Outside the questions of ultra vires and compliance with the Canadian Charter of Rights and Freedoms, there are absolute limits on what the Parliament of Canada and the provincial legislatures can legislate. According to the Constitution Act, 1867:
- S. 96 has been construed to hold that neither the provincial legislatures nor Parliament can enact legislation removing part of the inherent jurisdiction of the superior courts.
- S. 121 states, "All Articles of the Growth, Produce, or Manufacture of any one of the Provinces shall, from and after the Union, be admitted free into each of the other Provinces". This amounts to a prohibition of inter-provincial tariffs.
- S. 125 states, "No Lands or Property belonging to Canada or any Province shall be liable to Taxation".

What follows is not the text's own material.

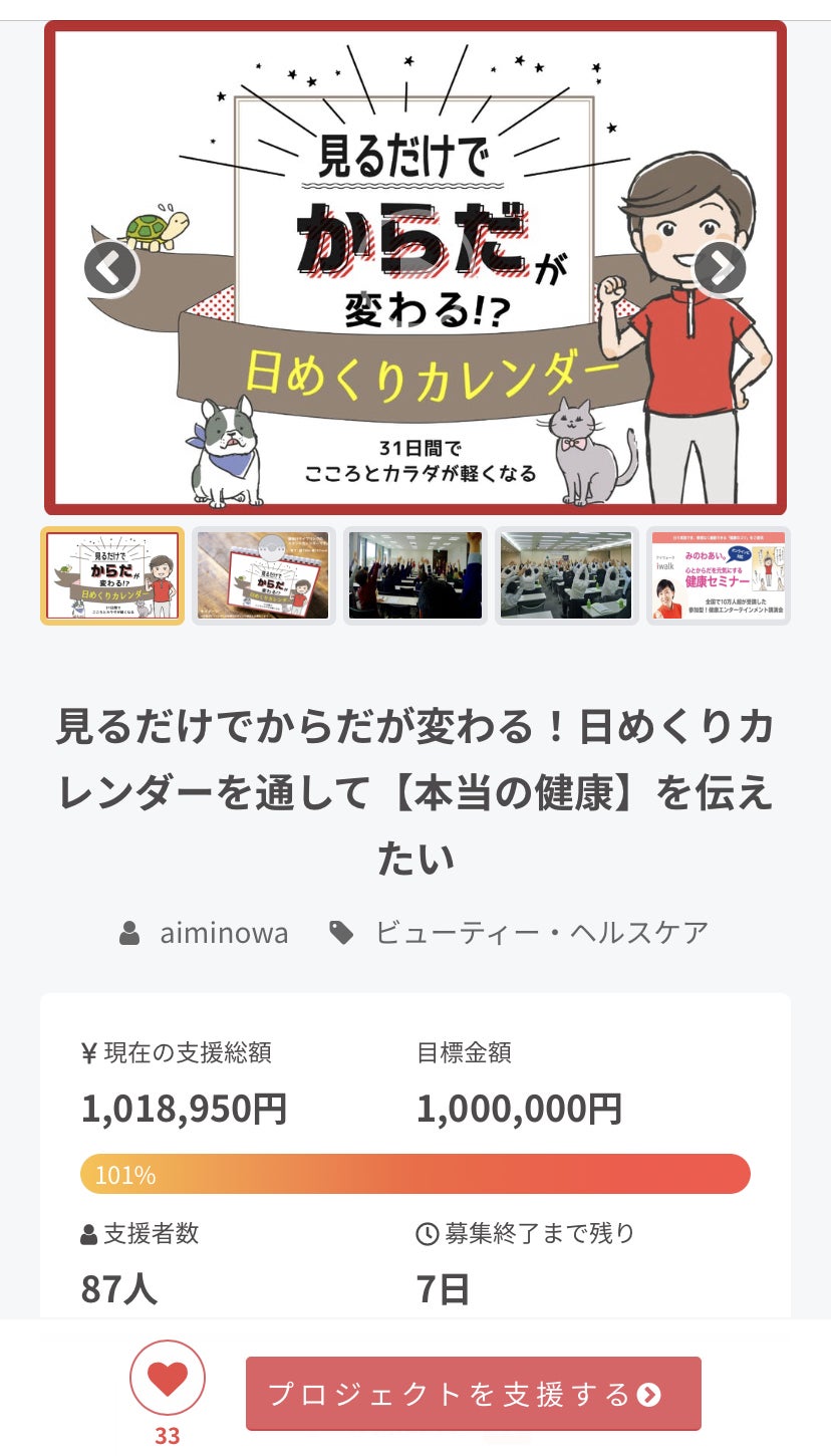 日めくりカレンダークラウドファンディングは、募集まで一週間を残し、本日、目標金額達成することができました!!

- Under s. 129, limits have been placed on the ability of the legislatures of Ontario and Quebec to amend or repeal Acts of the former Province of Canada. Where such an act created a body corporate operating in the former Province, the Judicial Committee of the Privy Council held that such bodies cannot have "provincial objects" and only the Parliament of Canada had power to deal with such acts. It has been held that this restriction exists for any Act applying equally to Upper and Lower Canada, (Note: Ex parte O'Neill, RJQ 24 SC 304, where it was held that the Legislative Assembly of Quebec was unable to repeal the Temperance Act, 1864, but it could pass a concurrent statute for regulating liquor traffic within the Province. However, it has also been held that the Parliament of Canada could not repeal that Act with respect only to Ontario.) which became problematic when the Civil Code of Lower Canada was replaced by the Civil Code of Quebec.

While the Parliament of Canada has the ability to bind the Crown in right of Canada or of any province, the converse is not true for the provincial legislatures, as "[p]rovincial legislation cannot proprio vigore [ie, of its own force] take away or abridge any privilege of the Crown in right of the Dominion."